Uri Avnery 6 janvier 2018

Pourquoi je suis en colère

JE SUIS en colère contre l’élite mizrahi. Et même très en colère.

Mizra est le mot hébreu pour Orient. Les Juifs orientaux sont ceux qui vivaient depuis des siècles dans le monde islamique. Les Juifs occidentaux sont ceux qui vivaient dans l’Europe chrétienne.

Ce sont, bien entendu, des termes inappropriés. Les Juifs russes sont des ‟occidentaux”, les Juifs marocains sont des ‟orientaux”. Un coup d’œil à la carte montre que la Russie est très à l’est du Maroc. Il serait plus exact de les appeler ‟septentrionaux” et ‟méridionaux”. Trop tard maintenant.

Les occidentaux sont en général appelés ‟ashkénazes”, de l’ancien nom hébreu de l’Allemagne. Les orientaux étaient habituellement appelés ‟séfarades” de l’ancien nom hébreu de l’Espagne. Mais seule une petite partie des orientaux descend réellement de la communauté juive florissante de l’Espagne médiévale.

DANS L’ISRAËL d’aujourd’hui, l’antagonisme entre mizrahim et ashkénazes augmente d’année en année, avec de larges répercussions politiques et sociales. Il n’est pas exagéré d’y voir le phénomène déterminant de la société israélienne actuelle.

Avant de poursuivre, permettez-moi d’apporter (une fois de plus, j’en ai peur) ma part personnelle sur cette question.

Mes quelques dernières années en Allemagne, avant notre fuite, nous les avons passées à l’ombre de l’ascension de la croix gammée, et le dernier semestre déjà sous le régime nazi. J’en vins à haïr l’Allemagne et tout ce qui était allemand. Aussi, quand notre bateau toucha le port de Jaffa, je fus enthousiaste. Je n’avais que dix ans et la Jaffa de 1933 était tout le contraire de l’Allemagne – bruyante, pleine d’odeurs exotiques, humaine. Je l’ai aimée.
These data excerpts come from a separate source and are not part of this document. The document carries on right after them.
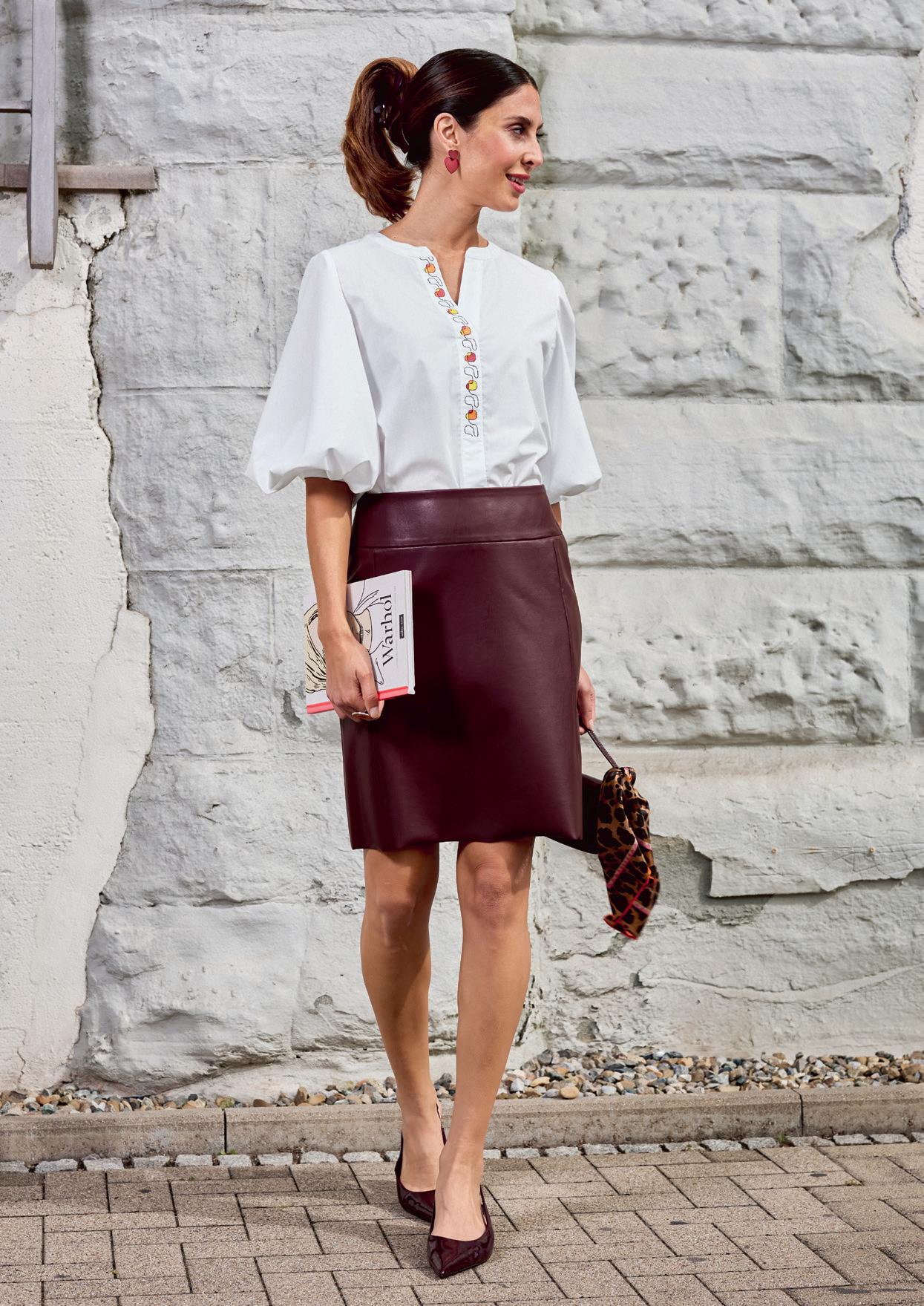 Der minimalistische Schnitt des Kunstlederrocks eignet sich für vielfältige Stylingoptionen. Ein Kombipartner – von casual bis schick!
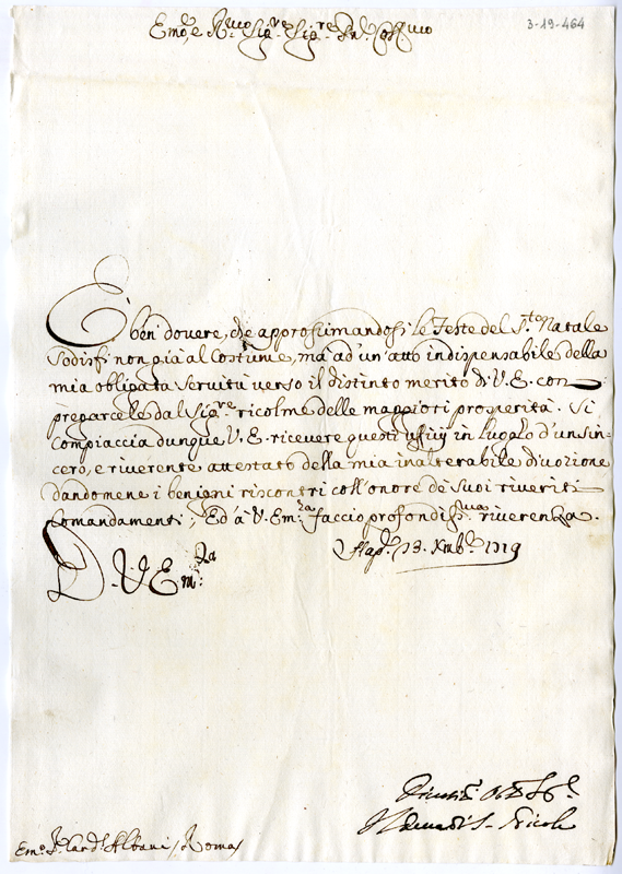Lettera del duca di San Nicola al cardinale Annibale Albani (1719 dicembre 23)
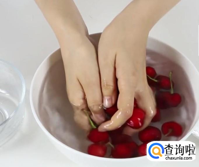 将樱桃用清水清洗几遍,或用水龙水直接冲洗,将表面的脏物先洗干净。
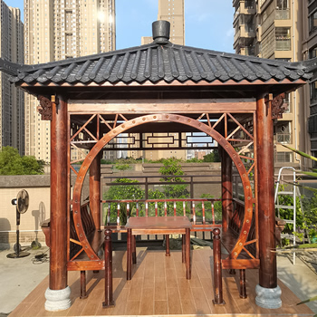 樹脂瓦四角涼亭采用實木制作而成,頂部蓋樹脂瓦,下面配石墩,這樣堅固耐用,是一款受到用戶喜愛的防腐木涼亭。
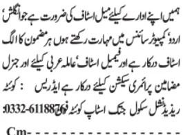 A residential school in Quetta has announced new teaching job opportunities for 2026. These vacancies are published in the daily Jang newspaper dated April 18, 2026, and are open for candidates who want to build a career in the education sector.
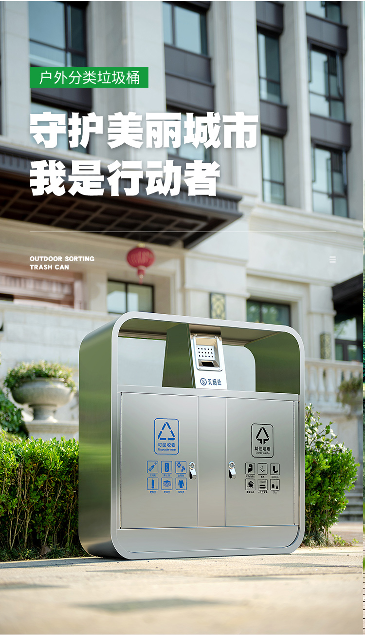 Thùng rác ngoài trời bằng thép không gỉ phân loại lớn vệ sinh hộp da trái cây tài sản ngoài trời cộng đồng bảo vệ môi trường đường phố Thùng rác là lựa chọn lý tưởng cho không gian công cộng, sân vườn hoặc khu đô thị. Sản phẩm giúp nâng cao hình ảnh chuyên nghiệp và sạch đẹp cho môi trường sống.
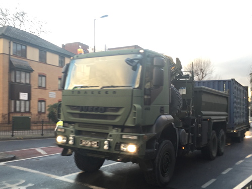 Police motorcycle outriders accompanied the military truck as it made its way along Grange Road, Dunton Road, Mandela Way, Humphrey Street and Old Kent Road.
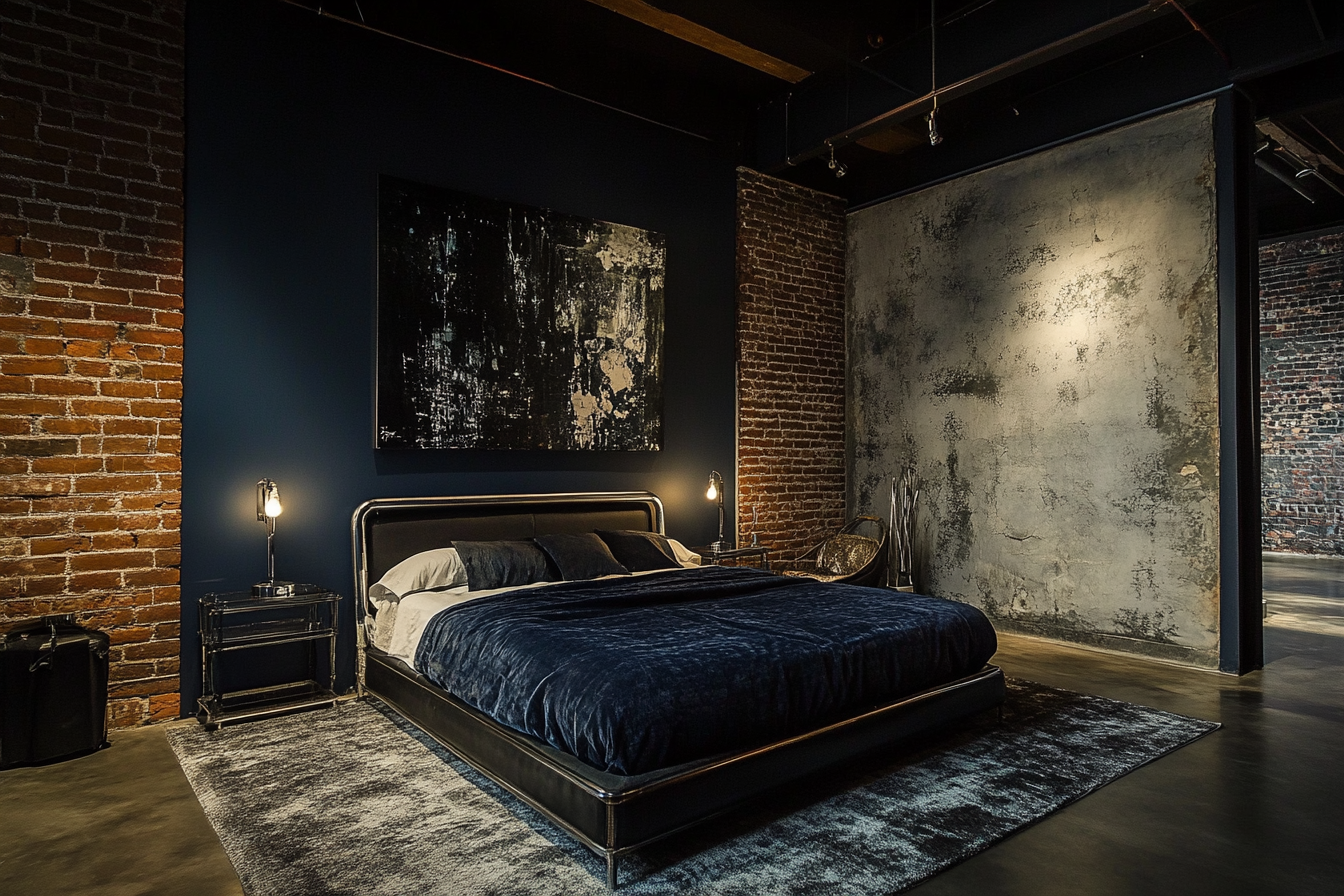 A dark blue and silver bedroom with industrial elements brings a bold and modern aesthetic. A deep blue accent wall adds depth, while exposed brick or concrete textures enhance the industrial vibe.

Comme je l’appris plus tard, la plupart des premiers ‟pionniers” sionistes qui arrivèrent dans la Jaffa arabe la détestèrent dès l’abord, parce qu’ils s’identifiaient comme des Européens. Parmi eux se trouvait le fondateur du sionisme, Theodor Hertzl lui-même, qui ne voulait pas aller en Palestine au début. Lors de son unique visite ici, il détesta son caractère oriental. Il préférait largement la Patagonie (en Argentine).

Quinze ans après, durant la guerre d’indépendance d’Israël, je fus promu au noble rang de chef d’escouade et eus le choix entre de nouvelles recrues immigrées venant de Pologne ou du Maroc. Je choisis les Marocains et fus récompensé avec ma vie : alors que je gisais blessé sous le feu, quatre de ‟mes Marocains” risquèrent leur vie pour me sortir de là.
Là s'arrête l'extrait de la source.